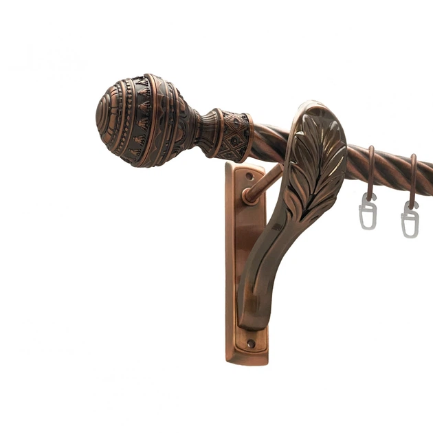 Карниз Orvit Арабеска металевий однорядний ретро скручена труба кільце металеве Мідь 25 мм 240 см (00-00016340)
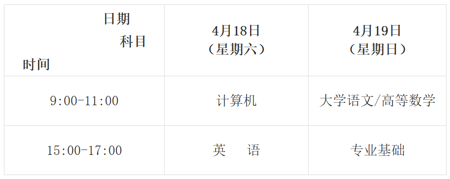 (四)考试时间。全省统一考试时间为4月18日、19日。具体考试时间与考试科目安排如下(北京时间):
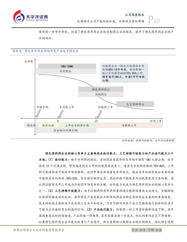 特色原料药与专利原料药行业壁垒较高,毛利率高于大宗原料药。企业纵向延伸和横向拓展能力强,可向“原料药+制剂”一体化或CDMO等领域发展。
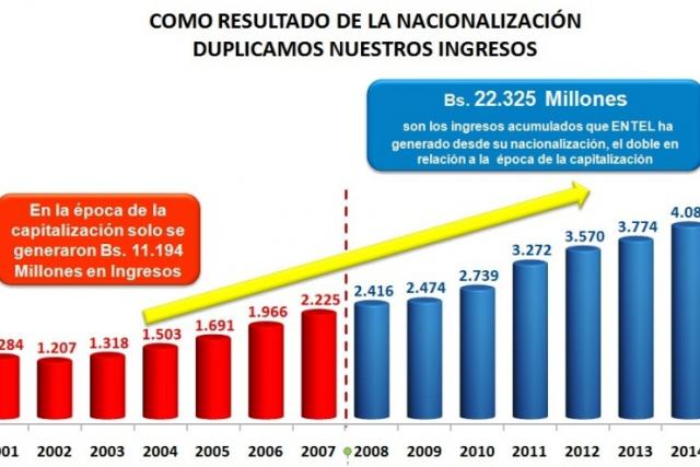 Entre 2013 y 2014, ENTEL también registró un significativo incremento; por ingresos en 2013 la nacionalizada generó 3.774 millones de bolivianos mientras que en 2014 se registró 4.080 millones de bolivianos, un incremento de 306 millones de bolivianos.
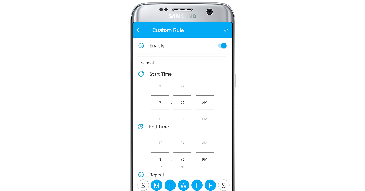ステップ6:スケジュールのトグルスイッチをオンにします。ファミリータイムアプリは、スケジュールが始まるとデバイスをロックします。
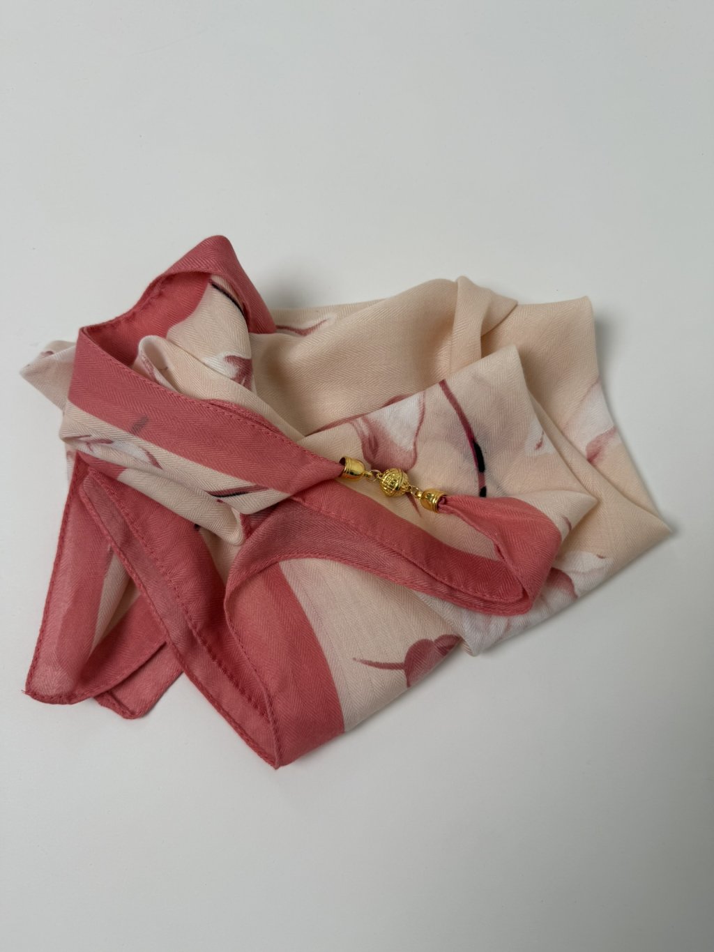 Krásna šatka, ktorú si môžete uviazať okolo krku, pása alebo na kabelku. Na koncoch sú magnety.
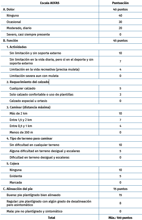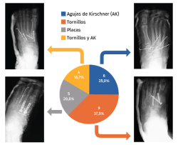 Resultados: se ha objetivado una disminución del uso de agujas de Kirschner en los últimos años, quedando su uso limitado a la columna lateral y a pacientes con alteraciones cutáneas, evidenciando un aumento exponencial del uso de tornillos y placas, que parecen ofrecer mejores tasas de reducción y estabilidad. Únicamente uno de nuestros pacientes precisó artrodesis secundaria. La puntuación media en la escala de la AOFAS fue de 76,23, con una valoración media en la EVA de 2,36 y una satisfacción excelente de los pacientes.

^^^^^^^^^^^^^^^^

▶ [EXERCISE DIRECTIONS]
Return exactly the stretch above whose first line contains "Entre 2013 y" and whose last line contains "Krásna šatka, ktorú", and nothing outside it. The pictures should not appear.

▶ [RESULT BELOW]
 Entre 2013 y 2014, ENTEL también registró un significativo incremento; por ingresos en 2013 la nacionalizada generó 3.774 millones de bolivianos mientras que en 2014 se registró 4.080 millones de bolivianos, un incremento de 306 millones de bolivianos.
ステップ6:スケジュールのトグルスイッチをオンにします。ファミリータイムアプリは、スケジュールが始まるとデバイスをロックします。
 Krásna šatka, ktorú si môžete uviazať okolo krku, pása alebo na kabelku. Na koncoch sú magnety.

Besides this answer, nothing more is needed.